1 环境准备
本次搭建Hadoop准备了四台服务器:
系统: Centos7
IP地址:
192.168.10.131 master
192.168.10.160 slave1
192.168.10.161 slave2
192.168.10.162 slave3
Java版本: Java1.8
Hadoop版本: Hadoop2.6.5
关闭Centos7的防火墙和SELinux,如何关闭参考Centos7关闭防火墙与SELinux
2 必要软件安装和环境配置
2.1 安装Java环境(master和三台slave上均安装java环境)
网上如何安装java教程比较多,这里就不再累述。
[root@master local]# java -version
java version "1.8.0_181"
Java(TM) SE Runtime Environment (build 1.8.0_181-b13)

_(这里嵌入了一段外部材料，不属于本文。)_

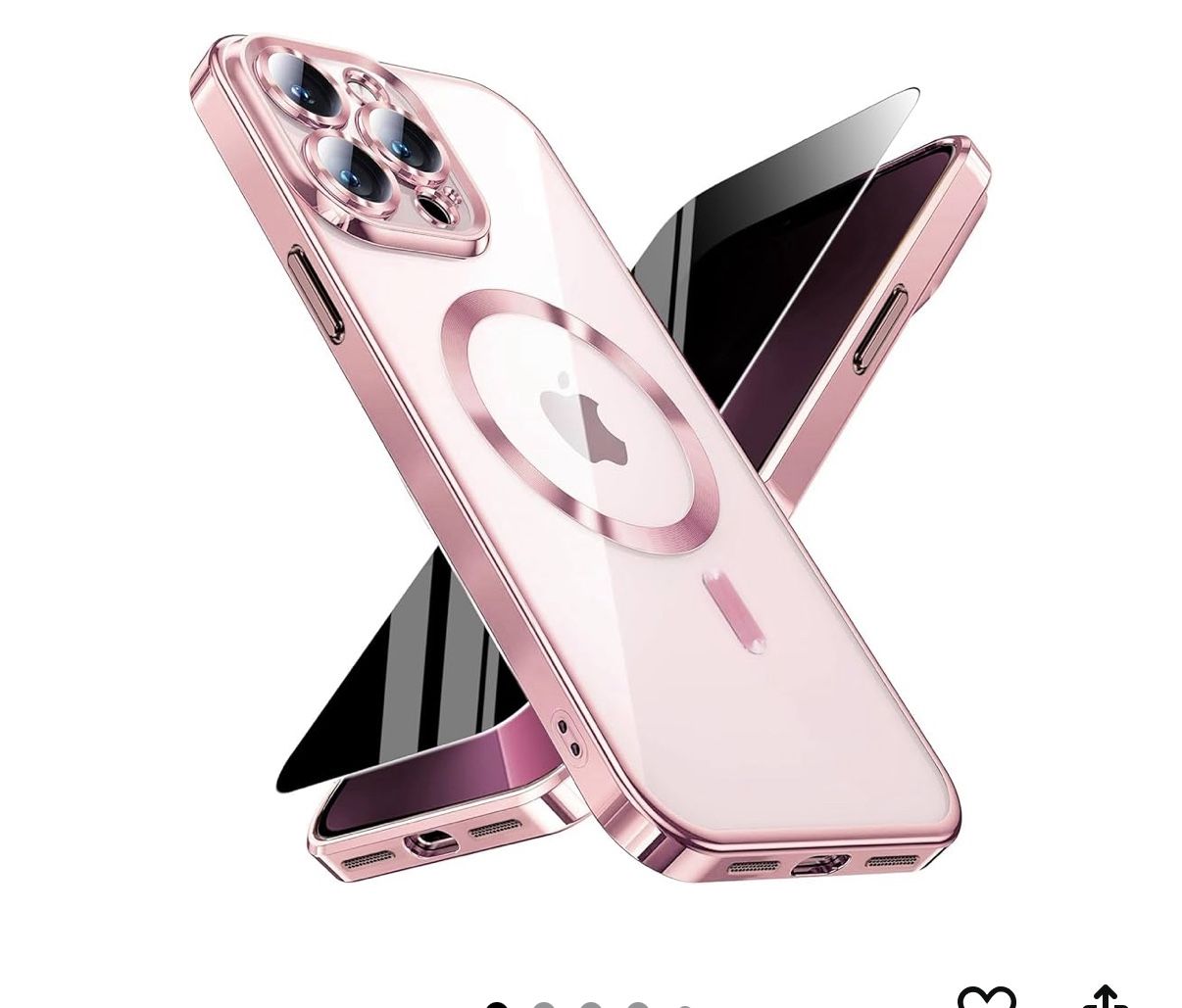 Magnetic for iPhone 13 Pro Max Case with Privacy Screen Protector & Full Camera Cover,[Non-Yellowing] Plating Glossy Soft Shockproof Clear Phone Case with MagSafe Women Girls for 13 ProMax,Pink

Java HotSpot(TM) 64-Bit Server VM (build 25.181-b13, mixed mode)
2.2 修改主机名
分别修改四台服务器的hosts文件,填入以下内容:
192.168.10.131 master
192.168.10.160 slave1
192.168.10.161 slave2
192.168.10.162 slave3
分别修改四台服务器的主机名,例如我们修改master主机名
vi /etc/sysconfig/network
# Created by anaconda
HOSTNAME=master 这里不同的服务器名称不同
重启服务器使其生效。
2.3 ssh配置
master上的namenode需要通过ssh无密码的访问三台slave机器,但是三台slave是否需要通过ssh无密码访问master我现在还没有了解Hadoop的原理,所以给不出确定的答案。这里我将master的公钥分别分发到三台slave上,三台slave的公钥都分别上传到master上。 这里以master为例,进行ssh配置。
首先生成密钥对:
ssh-keygen -t rsa 然后一路默认即可
然后将执行下面命令,将公钥追加到authorized_keys文件中,实现本机的无密码登陆
cat ~/.ssh/id_rsa.pub >> ~/.ssh/authorized_keys
然后尝试登陆本机,验证是否成功
ssh master
将公钥分发到三台slave上
ssh-copy-id -i ~/.ssh/id_rsa.pub root@slave1
ssh-copy-id -i ~/.ssh/id_rsa.pub root@slave2
ssh-copy-id -i ~/.ssh/id_rsa.pub root@slave3
我在每一台slave分别生成了公私钥,然后分别将公钥追加到了master机器的authorized_keys文件中(这一步是否有必要,等我更深入学习后修改)
到这里,就实现master无密码登陆slave机器
3 Hadoop安装配置
3.1 创建文件夹
在master中,name、data和tmp文件夹分别用于保存HDFS的NameNode文件、数据和临时文件:
mkdir -p /data/hdfs
cd /data/hdfs
mkdir name
mkdir data
mkdir tmp
然后将该文件夹拷贝到三台slave上(分别在三台slave上创建data文件夹 mkdir /data
)
scp -r hdfs/ root@slave1:/data
scp -r hdfs/ root@slave2:/data
scp -r hdfs/ root@slave3:/data
3.2 解压Hadoop
tar -xzvf hadoop-2.6.5.tar.gz
mv hadoop-2.6.5 /usr/local
3.3 配置Hadoop
注意: 为了让操作更直观,我下面的部分配置文件使用了绝对路径,实际操作过程中可以进入相应目录操作。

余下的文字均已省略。